Donnerstag, 1. Dezember 2005

Vom Torhüter zum Torspieler

In der öffentlichen Wahrnehmung Fußball-Deutschlands ist der Torwart nicht wirklich Teil der Mannschaft. Torhüter sind die Bekloppten auf der Linie, die Kopf und Kragen riskieren, wenn sie sich dem gegnerischen Stürmer entgegenwerfen. Tolle Reflexe zeichnen einen guten Torwart aus. Das größte denkbare Kompliment: "Er hat einen unhaltbaren Ball gehalten." Fliegt der Torwart spektakulär durch die Luft, um einen Ball aus dem Winkel zu fischen, jubelt das Stadion.

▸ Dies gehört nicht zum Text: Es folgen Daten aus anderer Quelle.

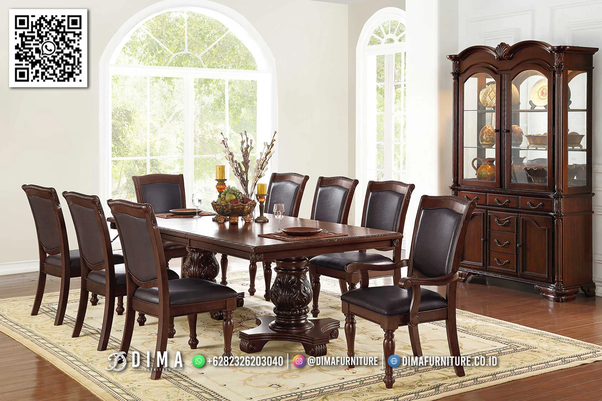 Meja makan klasik mewah kayu jati berkualitas premium cocok untuk rumah bergaya klasik dan elegan. Kuat, rapi, dan nyaman dipakai.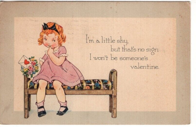 ANTIQUE VALENTINE Postcard SHY YOUNG GIRL RED HAIR LOOKING FOR VALENTINE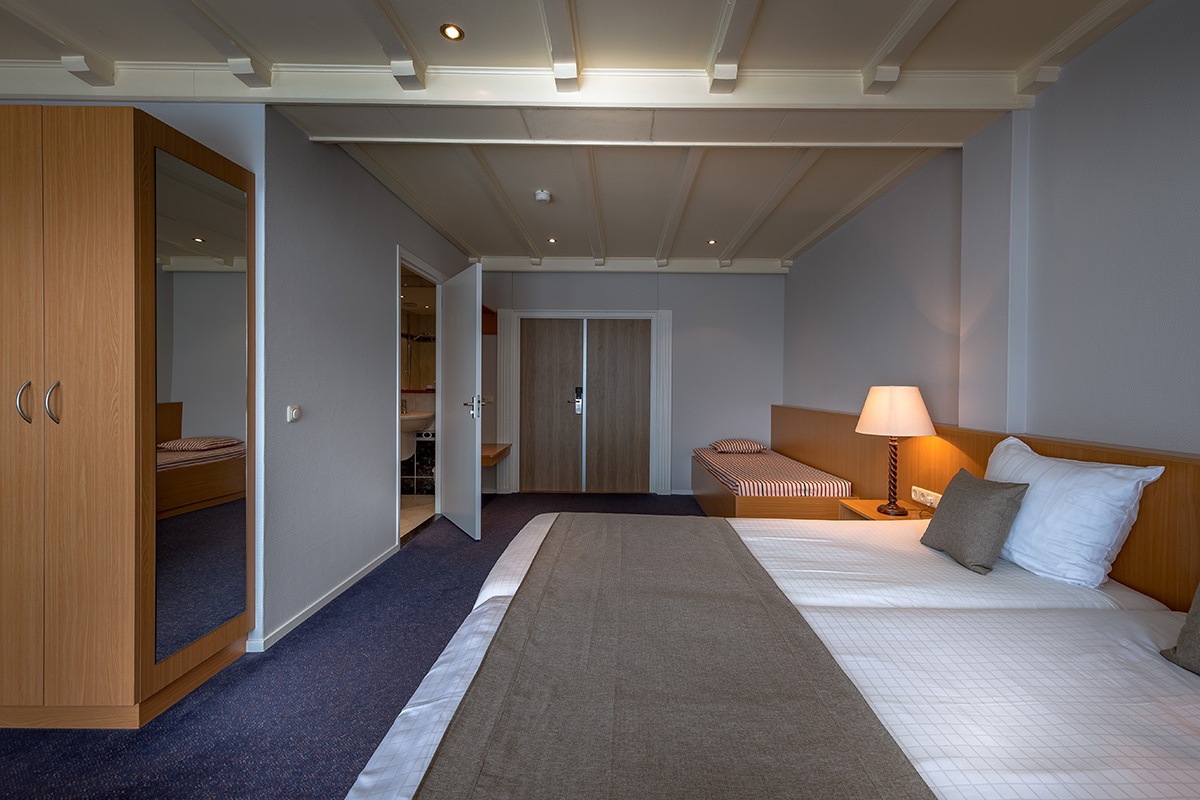 De gezellig ingerichte Comfort Plus kamers (30 - 40 m²) zijn voorzien van 2 eenpersoons boxspringbedden, wifi, zitje, bureau, verwarming, kluisje, flatscreen televisie, radio, koffie- en theefaciliteiten, badjassen en badkamer met bad en/of inloopdouche, toilet, wastafel, haardroger en toiletartikelen.

Doch die Aufgaben des Torwarts haben sich in den vergangenen Jahren verändert. Zumindest im internationalen Fußball. Aus dem Torhüter, der auf der Linie klebt und die Angriffe des Gegners abwartet, ist ein Torspieler geworden. Jens Lehmann hat das in einem Interview mit der SZ einmal so festgestellt: "Ausländische Klubs schauen nur danach, ob ein Torwart bei Flanken gut ist und das Spiel lesen kann. Dass Torhüter auf der Linie gut sind, wird als selbstverständlich vorausgesetzt."

Als letzter Mann dirigiert der Torhüter die mehr als zehn oder zwanzig Meter vor ihm postierte Viererkette. Wer Fußball regelmäßig im Stadion verfolgt, kennt die typischen Handbewegungen, die vor allem dann nötig sind, wenn die Kette schlecht steht.

Außerdem fängt der Torspieler weite Bälle in den freien Raum hinter der Viererkette ab. Oft genug weit vor dem Strafraum. Er muss also auch spielerische Qualitäten besitzen. Der Torhüter, der den Ball nicht mit dem Fuß stoppen kann, ist ein Auslaufmodell.

Doch mit dem Abfangen des Balles ist es nicht getan. Denn jetzt beginnt das Aufbauspiel der eigenen Mannschaft. Den ersten Pass spielt der Torwart. Meist bietet sich ihm dazu einer der Außenverteidiger durch Zurücklaufen an. Selten drischt der Torspieler den Ball planlos nach vorn.

Kommt der Gegner bei einem Angriff in Tornähe, gehört Strafraumbeherrschung zum unverzichtbaren Repertoire des modernen Torhüters. Denn idealerweise holt er bereits die Flanke in den Strafraum aus der Luft.

Nicht mehr darin, Torschüsse abzuwehren, liegt die eigentlich Aufgabe des Torhüters, sondern sie im Zusammenspiel mit seinen Vorderleuten zu verhindern. Noch einmal Jens Lehmann: „Für die Öffentlichkeit zählt, dass der Torwart sich durch Paraden auszeichnet. Für mich zählt, dass ich keinen drauf kriege."